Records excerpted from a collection
▬▬▬

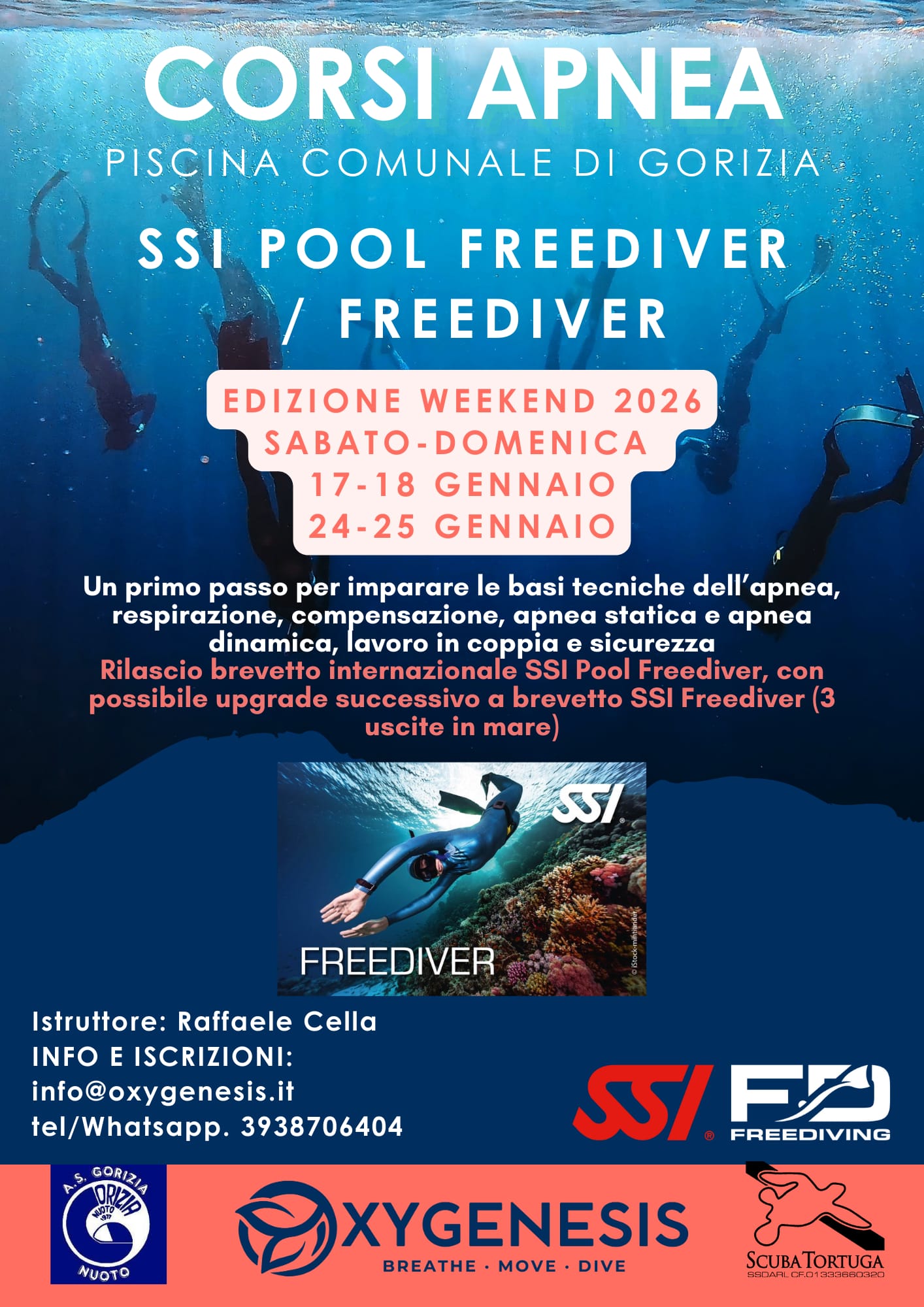 Un primo passo per imparare le basi tecniche dell'apnea, respirazione, compensazione, apnea statica e dinamica, lavoro in coppia e sicurezza.
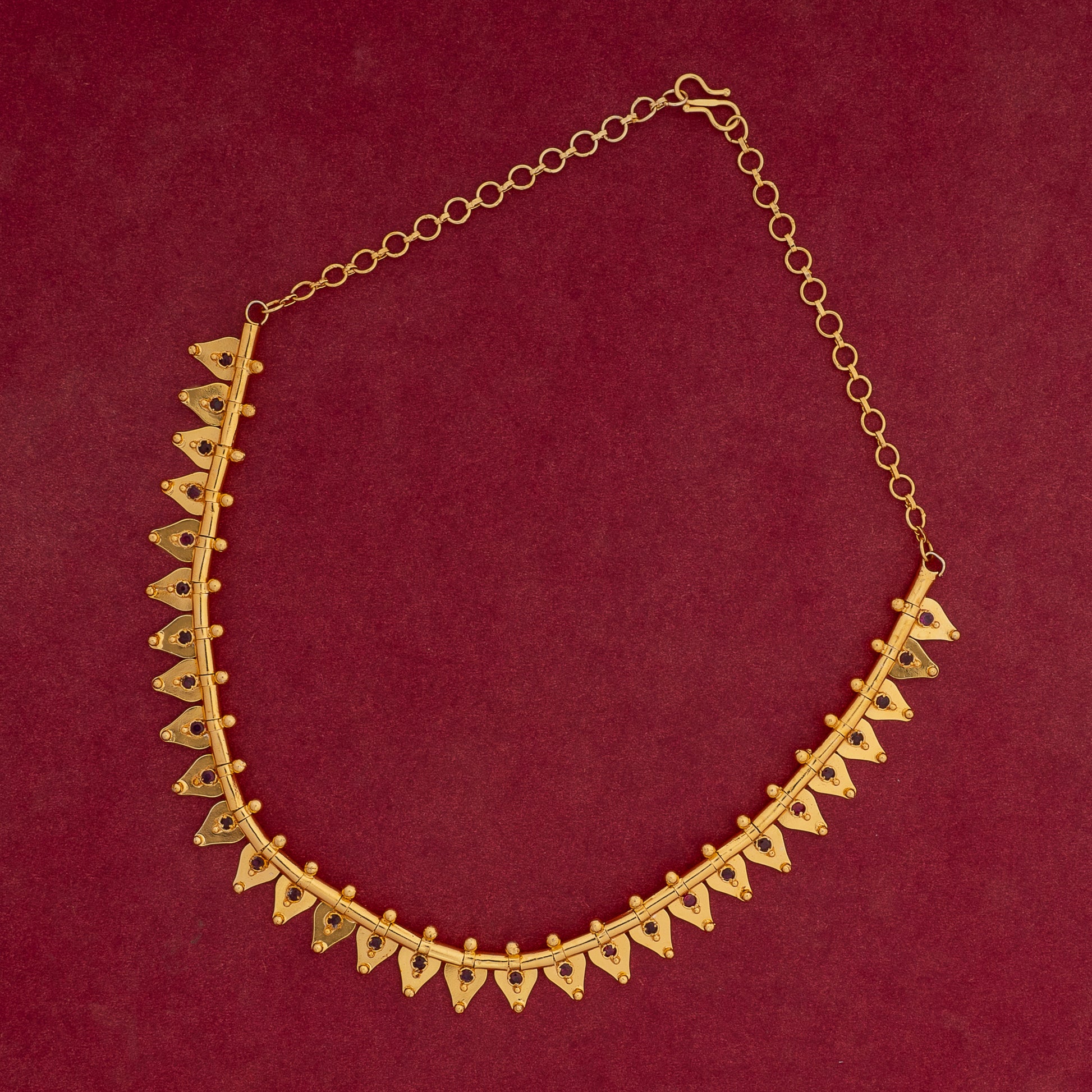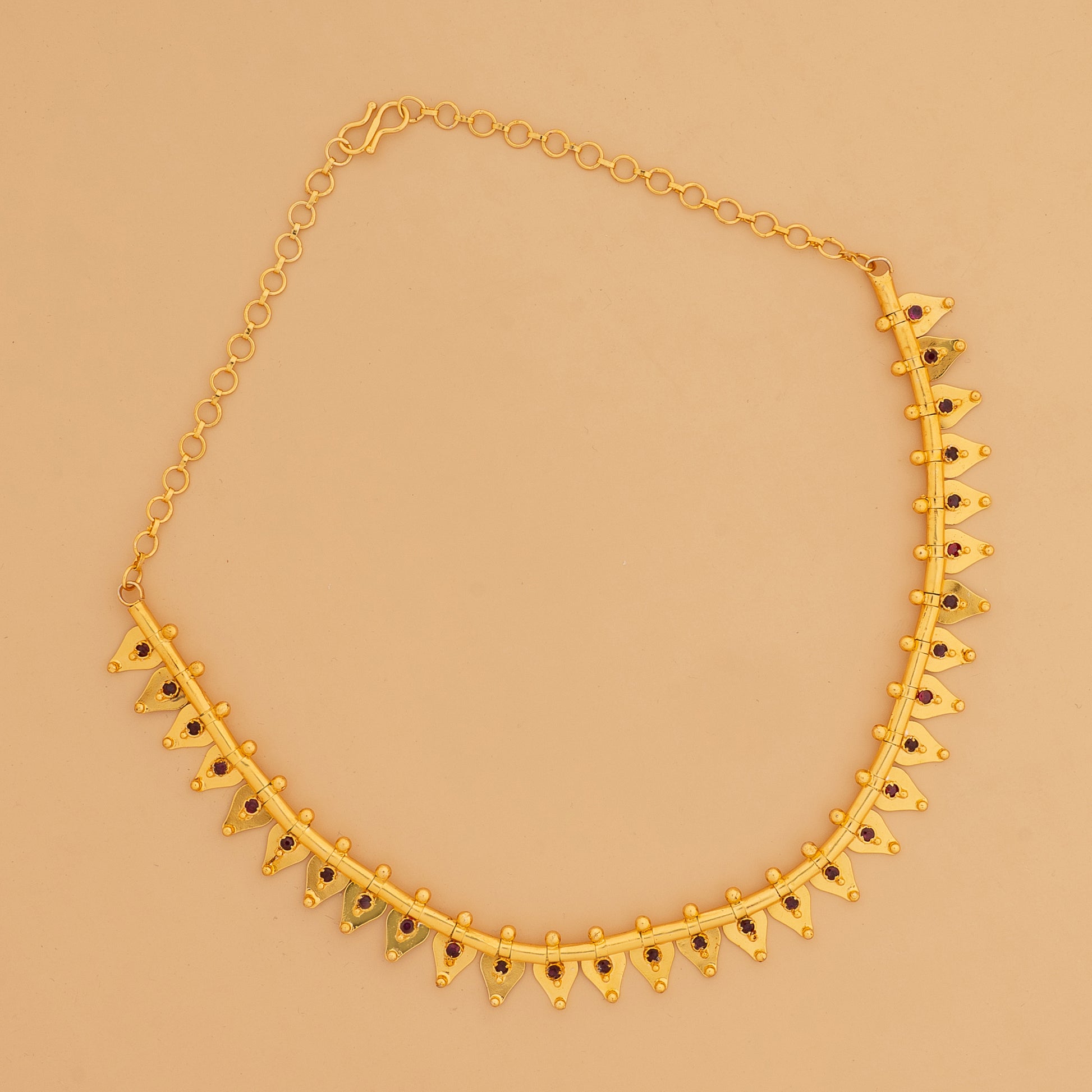 The Thalikoottam Necklace showcases expert craftsmanship rooted in traditional Tamil design. Its intricate detailing and sturdy construction make it a versatile accessory that enhances both modern and classic outfits. Perfect for special occasions, this necklace adds a refined and timeless elegance to your look, reflecting the rich heritage and skilled artistry behind its creation.
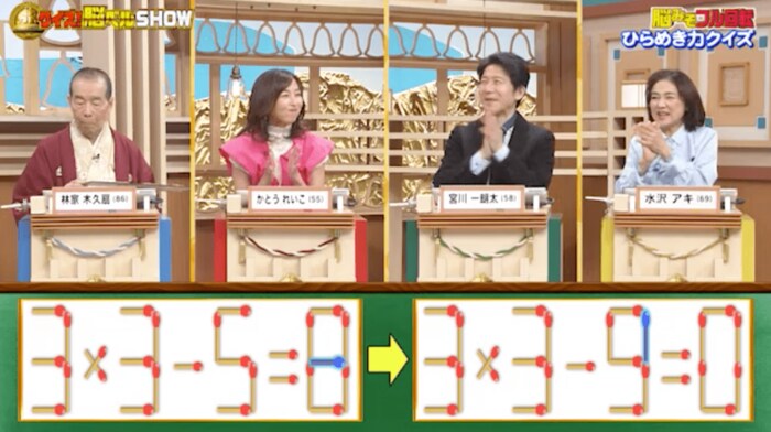 正解はまず、右の式の「8」から1本を動かし「0」にします。その1本を左の式の「5」に足して「9」にします。そうすれば「3×3-9=0」となります。かとうれいこさん、宮川一朗太さんの2人が正解でした。
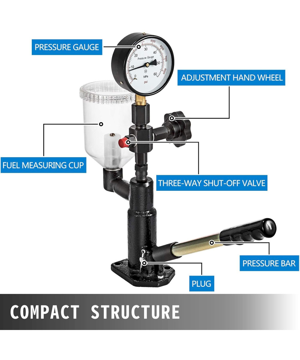 VEVOR Diesel Einspritzdüsen Tester Prüfgerät Abdrückgerät Injektor Manometer 600 Bar
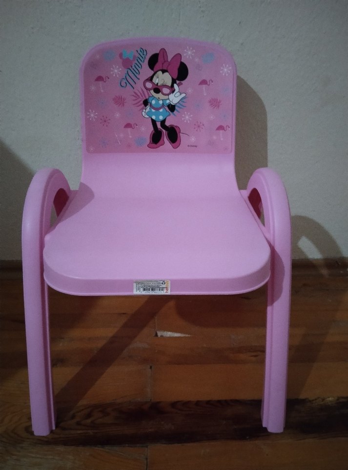 Pastel pembe renkte, sırt kısmında Minnie Mouse figürü bulunan çocuk sandalyesi. Dayanıklı kollu ve düzgün oturma yüzeyine sahiptir.
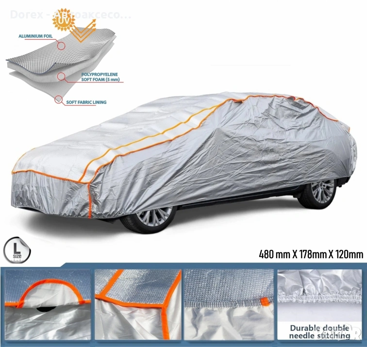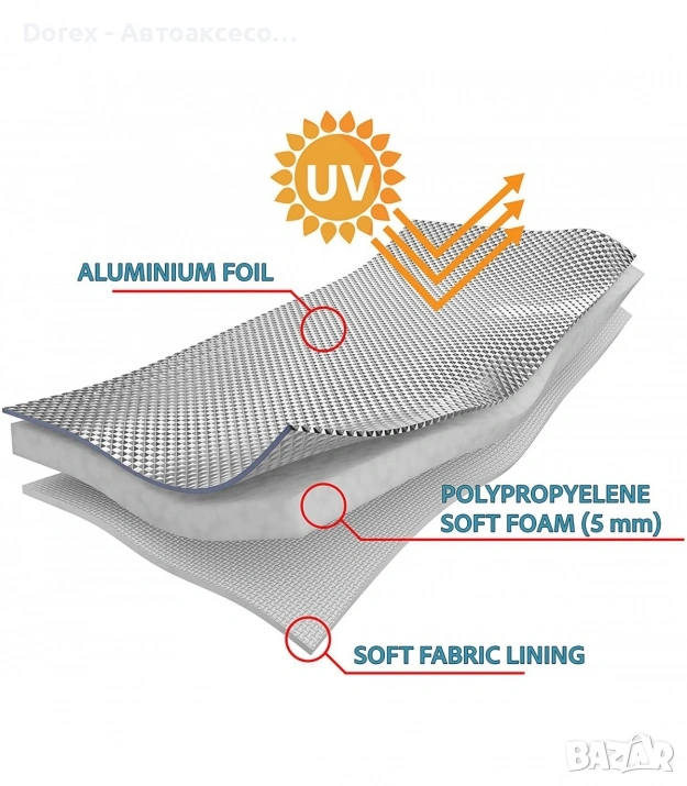 Покривалото е трислойно – външен слой от полипропиленов нетъкан текстил с алуминиево покритие за водоустойчивост, среден слой от дишащо фолио и мек вътрешен слой, който предпазва боята на автомобила от надраскване.

▬▬▬

◆ What the exercise asks ◆
Could you write the entries out again exactly, without their pictures?

◆ Exercise answer ◆
 Un primo passo per imparare le basi tecniche dell'apnea, respirazione, compensazione, apnea statica e dinamica, lavoro in coppia e sicurezza.
 The Thalikoottam Necklace showcases expert craftsmanship rooted in traditional Tamil design. Its intricate detailing and sturdy construction make it a versatile accessory that enhances both modern and classic outfits. Perfect for special occasions, this necklace adds a refined and timeless elegance to your look, reflecting the rich heritage and skilled artistry behind its creation.
 正解はまず、右の式の「8」から1本を動かし「0」にします。その1本を左の式の「5」に足して「9」にします。そうすれば「3×3-9=0」となります。かとうれいこさん、宮川一朗太さんの2人が正解でした。
 VEVOR Diesel Einspritzdüsen Tester Prüfgerät Abdrückgerät Injektor Manometer 600 Bar
 Pastel pembe renkte, sırt kısmında Minnie Mouse figürü bulunan çocuk sandalyesi. Dayanıklı kollu ve düzgün oturma yüzeyine sahiptir.
 Покривалото е трислойно – външен слой от полипропиленов нетъкан текстил с алуминиево покритие за водоустойчивост, среден слой от дишащо фолио и мек вътрешен слой, който предпазва боята на автомобила от надраскване.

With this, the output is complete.